Provided data
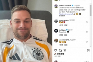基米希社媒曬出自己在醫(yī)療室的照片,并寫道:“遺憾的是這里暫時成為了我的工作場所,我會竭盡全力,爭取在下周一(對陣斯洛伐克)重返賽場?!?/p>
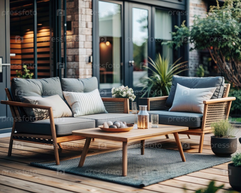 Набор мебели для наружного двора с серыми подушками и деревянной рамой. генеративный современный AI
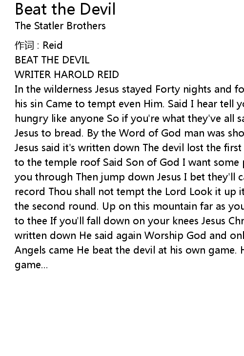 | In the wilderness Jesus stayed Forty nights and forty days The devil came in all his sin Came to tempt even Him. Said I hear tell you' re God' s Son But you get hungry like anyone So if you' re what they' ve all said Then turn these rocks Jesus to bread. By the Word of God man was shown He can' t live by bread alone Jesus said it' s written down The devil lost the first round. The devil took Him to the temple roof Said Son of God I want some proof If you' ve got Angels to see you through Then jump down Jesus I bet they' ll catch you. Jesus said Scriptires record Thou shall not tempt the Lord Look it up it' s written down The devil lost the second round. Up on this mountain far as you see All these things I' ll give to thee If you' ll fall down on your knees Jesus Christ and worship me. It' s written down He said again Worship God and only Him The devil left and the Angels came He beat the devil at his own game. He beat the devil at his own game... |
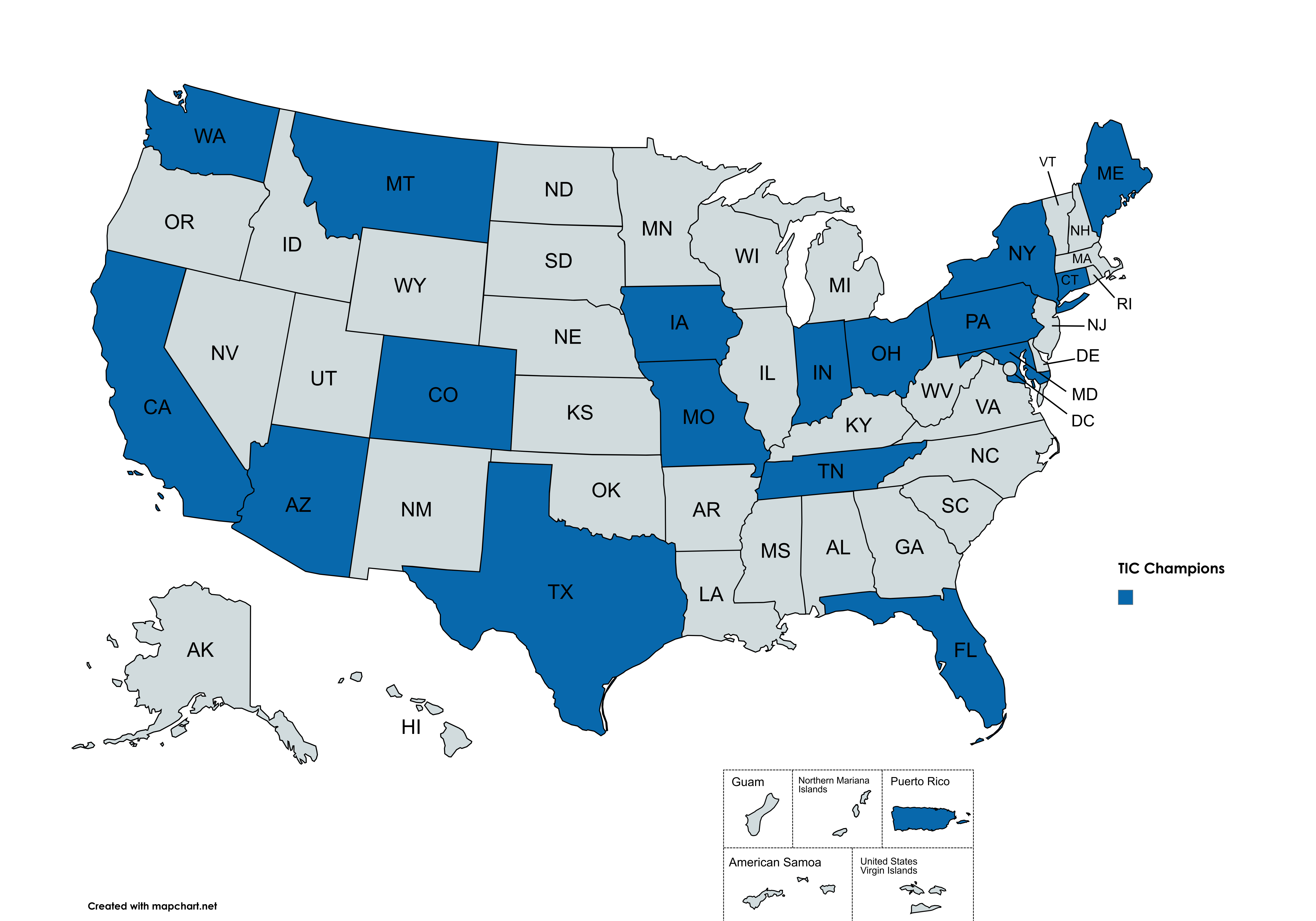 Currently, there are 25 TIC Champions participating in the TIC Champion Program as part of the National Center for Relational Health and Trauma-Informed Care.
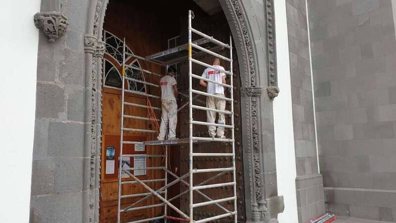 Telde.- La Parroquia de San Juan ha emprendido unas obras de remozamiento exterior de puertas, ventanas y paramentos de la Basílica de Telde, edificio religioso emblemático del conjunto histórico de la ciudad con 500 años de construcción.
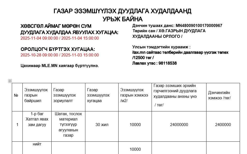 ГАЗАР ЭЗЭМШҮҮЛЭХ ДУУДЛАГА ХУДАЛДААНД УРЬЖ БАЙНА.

* * *

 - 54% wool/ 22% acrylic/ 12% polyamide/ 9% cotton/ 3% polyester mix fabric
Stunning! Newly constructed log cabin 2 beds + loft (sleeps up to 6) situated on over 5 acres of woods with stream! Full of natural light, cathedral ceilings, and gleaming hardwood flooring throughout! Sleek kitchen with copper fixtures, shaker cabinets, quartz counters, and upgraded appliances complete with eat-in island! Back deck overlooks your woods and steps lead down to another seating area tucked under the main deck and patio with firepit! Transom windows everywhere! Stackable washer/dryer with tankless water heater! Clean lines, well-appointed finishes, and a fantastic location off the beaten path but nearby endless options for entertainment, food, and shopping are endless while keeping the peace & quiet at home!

Exercise requirements
Return only the part above that opens with the line containing "基米希社媒曬出自己在醫(yī" and closes with the line containing "ГАЗАР ЭЗЭМШҮҮЛЭХ ДУУДЛАГА", exactly and with both ends, skipping the pictures.

Result for this exercise
基米希社媒曬出自己在醫(yī)療室的照片,并寫道:“遺憾的是這里暫時成為了我的工作場所,我會竭盡全力,爭取在下周一(對陣斯洛伐克)重返賽場?!?/p>
 Набор мебели для наружного двора с серыми подушками и деревянной рамой. генеративный современный AI
 | In the wilderness Jesus stayed Forty nights and forty days The devil came in all his sin Came to tempt even Him. Said I hear tell you' re God' s Son But you get hungry like anyone So if you' re what they' ve all said Then turn these rocks Jesus to bread. By the Word of God man was shown He can' t live by bread alone Jesus said it' s written down The devil lost the first round. The devil took Him to the temple roof Said Son of God I want some proof If you' ve got Angels to see you through Then jump down Jesus I bet they' ll catch you. Jesus said Scriptires record Thou shall not tempt the Lord Look it up it' s written down The devil lost the second round. Up on this mountain far as you see All these things I' ll give to thee If you' ll fall down on your knees Jesus Christ and worship me. It' s written down He said again Worship God and only Him The devil left and the Angels came He beat the devil at his own game. He beat the devil at his own game... |
 Currently, there are 25 TIC Champions participating in the TIC Champion Program as part of the National Center for Relational Health and Trauma-Informed Care.
 Telde.- La Parroquia de San Juan ha emprendido unas obras de remozamiento exterior de puertas, ventanas y paramentos de la Basílica de Telde, edificio religioso emblemático del conjunto histórico de la ciudad con 500 años de construcción.
 ГАЗАР ЭЗЭМШҮҮЛЭХ ДУУДЛАГА ХУДАЛДААНД УРЬЖ БАЙНА.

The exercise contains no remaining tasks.